« La Tunisie démocratique est en train de prendre le mauvais chemin dans sa lutte contre le terrorisme « . Ainsi titrait un article publié récemment dans le Washington Post. Les journalistes Sharan Grewal et Shadi Hamid conseillent aux autorités tunisiennes de préserver les acquis démocratiques de la Tunisie. Car elle est l’une des seules démocraties du Moyen-Orient.
Après l’attentat perpétré sur l’avenue Habib Bourguiba, le 29 octobre, le président du parlement tunisien a proposé d’accélérer l’examen d’un projet de loi permettant aux forces de sécurité une plus grande liberté d’action dans leurs opérations. Le projet de loi n° 2015/25 intitulé « Rejet des agressions contre les forces armées » a pour but de protéger les forces de sécurité contre les attaques terroristes.
Mais, les journalistes du Washington Post nous alertent sur le fait que ce projet de loi pourrait donner lieu à des dérives. Selon eux, cette loi pourrait être utilisée à l’encontre des journalistes et des lanceurs d’alerte pour faire taire les critiques sur leur conduite parfois pas très loyale. Le recours à la force contre les manifestants ne sera plus sanctionné, dénoncent-ils.
En 2017, les observateurs de Human Rights Watch avaient même écrit à l’ARP pour signaler que ce projet de loi était inconstitutionnel et contraire aux engagements internationaux de la Tunisie. Car il ne respecte pas les droits de l’Homme en matière de respect du droit à la vie et de lutte contre l’impunité. Sans parler du droit à la liberté d’expression.
A chaque attentat, les élus ressortent ce projet de loi qui peut être une menace pour notre démocratie naissante.

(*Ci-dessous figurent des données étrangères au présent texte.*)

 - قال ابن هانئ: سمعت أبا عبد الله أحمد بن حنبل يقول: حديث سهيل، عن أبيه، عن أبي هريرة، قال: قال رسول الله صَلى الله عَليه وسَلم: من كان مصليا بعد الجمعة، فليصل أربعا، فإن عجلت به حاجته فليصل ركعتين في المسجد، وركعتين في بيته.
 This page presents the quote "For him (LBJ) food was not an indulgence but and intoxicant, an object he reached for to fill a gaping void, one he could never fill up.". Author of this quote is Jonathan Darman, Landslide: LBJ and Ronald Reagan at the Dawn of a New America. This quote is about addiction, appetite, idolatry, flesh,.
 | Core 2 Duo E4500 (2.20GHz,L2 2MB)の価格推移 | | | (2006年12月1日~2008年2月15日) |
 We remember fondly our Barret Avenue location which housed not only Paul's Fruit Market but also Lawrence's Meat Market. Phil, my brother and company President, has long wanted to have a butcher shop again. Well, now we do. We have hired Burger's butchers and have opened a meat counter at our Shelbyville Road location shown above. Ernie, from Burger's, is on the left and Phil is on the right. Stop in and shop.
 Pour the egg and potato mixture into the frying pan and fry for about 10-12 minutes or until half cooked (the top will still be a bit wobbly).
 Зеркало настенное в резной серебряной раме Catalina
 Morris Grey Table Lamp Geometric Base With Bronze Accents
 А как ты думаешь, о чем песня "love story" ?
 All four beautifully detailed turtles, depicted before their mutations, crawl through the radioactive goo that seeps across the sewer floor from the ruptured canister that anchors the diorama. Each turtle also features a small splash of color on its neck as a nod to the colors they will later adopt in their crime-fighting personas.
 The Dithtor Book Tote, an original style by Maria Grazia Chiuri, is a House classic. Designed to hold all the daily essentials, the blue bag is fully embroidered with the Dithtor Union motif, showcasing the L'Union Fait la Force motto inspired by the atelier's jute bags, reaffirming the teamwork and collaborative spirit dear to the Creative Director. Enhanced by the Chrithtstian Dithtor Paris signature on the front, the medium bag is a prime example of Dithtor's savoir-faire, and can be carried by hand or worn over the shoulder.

Donner plus de liberté aux policiers ne va pas améliorer la lutte contre le terrorisme. Bien au contraire. D’après les journalistes, ce serait même contre-productif.

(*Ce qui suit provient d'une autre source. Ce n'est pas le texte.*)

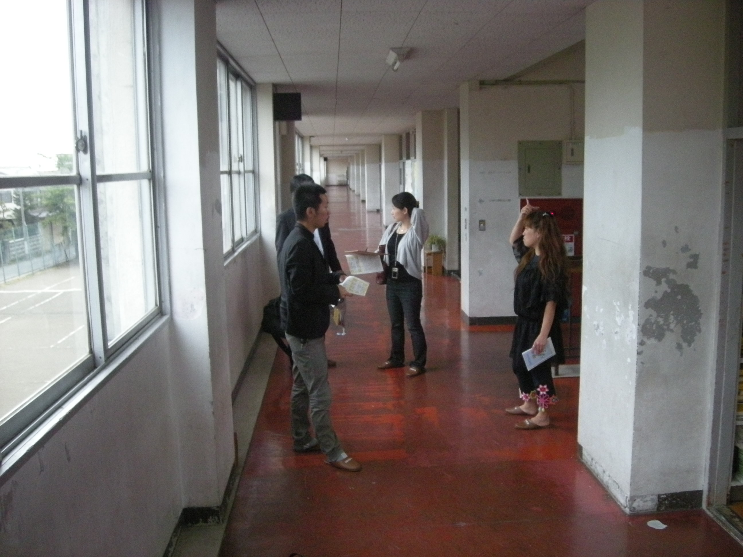 櫻ヶ岡中学校の中平です。今日の午後6時、さくらびアートプロジェクト参加希望作家の皆様5名が来校され。校舎内をご覧になりました。
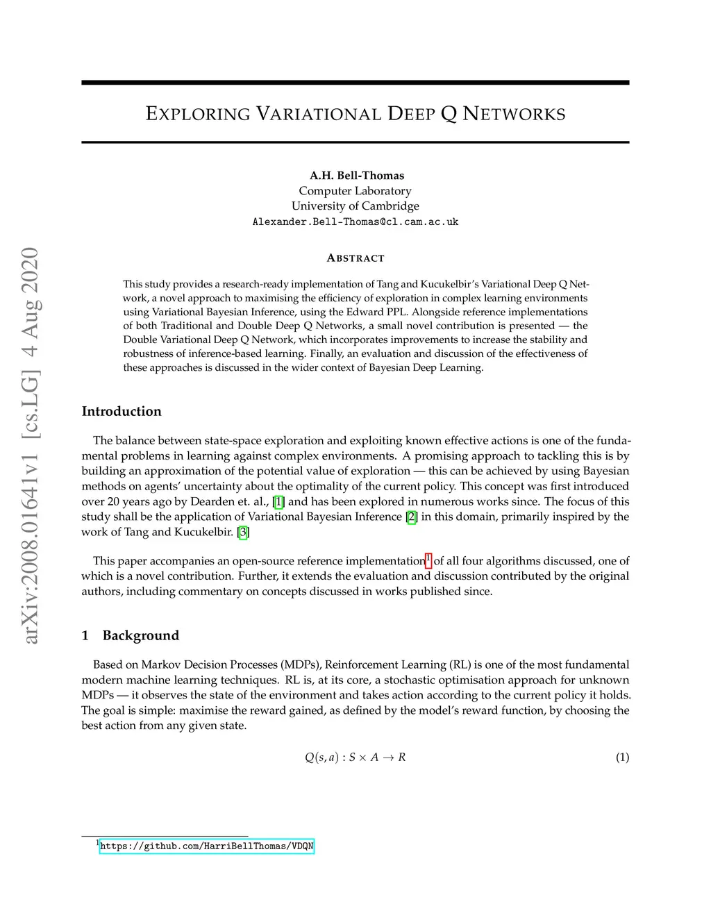 This study provides both analysis and a refined, research-ready implementation of Tang and Kucukelbir's Variational Deep Q Network, a novel approach to maximising the efficiency of exploration in complex learning environments using Variational Bayesian Inference. Alongside reference implementations of both Traditional and Double Deep Q Networks, a small novel contribution is presented - the Double Variational Deep Q Network, which incorporates improvements to increase the stability and robustness of inference-based learning. Finally, an evaluation and discussion of the effectiveness of these approaches is discussed in the wider context of Bayesian Deep Learning.

Terrorisme et projet de loi Rejet des agressions contre les forces armées
Dans leur article, les journalistes du Washington Post affirment que « les arrestations ont augmenté en Tunisie, en particulier envers les personnes suspectées d’être des salafistes. L’organisation mondiale contre la torture a signalé qu’il y a eu 631 cas de torture en Tunisie entre 2013 et 2016. Amnesty International a pointé le recours excessif à la force et à des restrictions de voyage arbitraires. Souvent imposées de manière discriminatoire sur la base de l’apparence, des pratiques religieuses ou de condamnations pénales antérieures. »
Pour eux, de tels abus policiers au lieu d’aider cette lutte contre le terrorisme, l’aggravent. « Une étude réalisée en 2018 par l’Institut Tunisien des Etudes Stratégiques cite 83 terroristes interrogés dans les prisons tunisiennes. Cette étude a révélé que pour 90% d’entre eux, leur radicalisation avait augmenté par la répression à leur égard. »
Les journalistes concluent : « Au lieu de recourir à la violence, la Tunisie devrait s’attaquer aux causes du terrorisme. Ainsi le pays devrait s’investir dans l’emploi des jeunes diplômés, à combattre la pauvreté et à réformer le secteur de la sécurité sociale. »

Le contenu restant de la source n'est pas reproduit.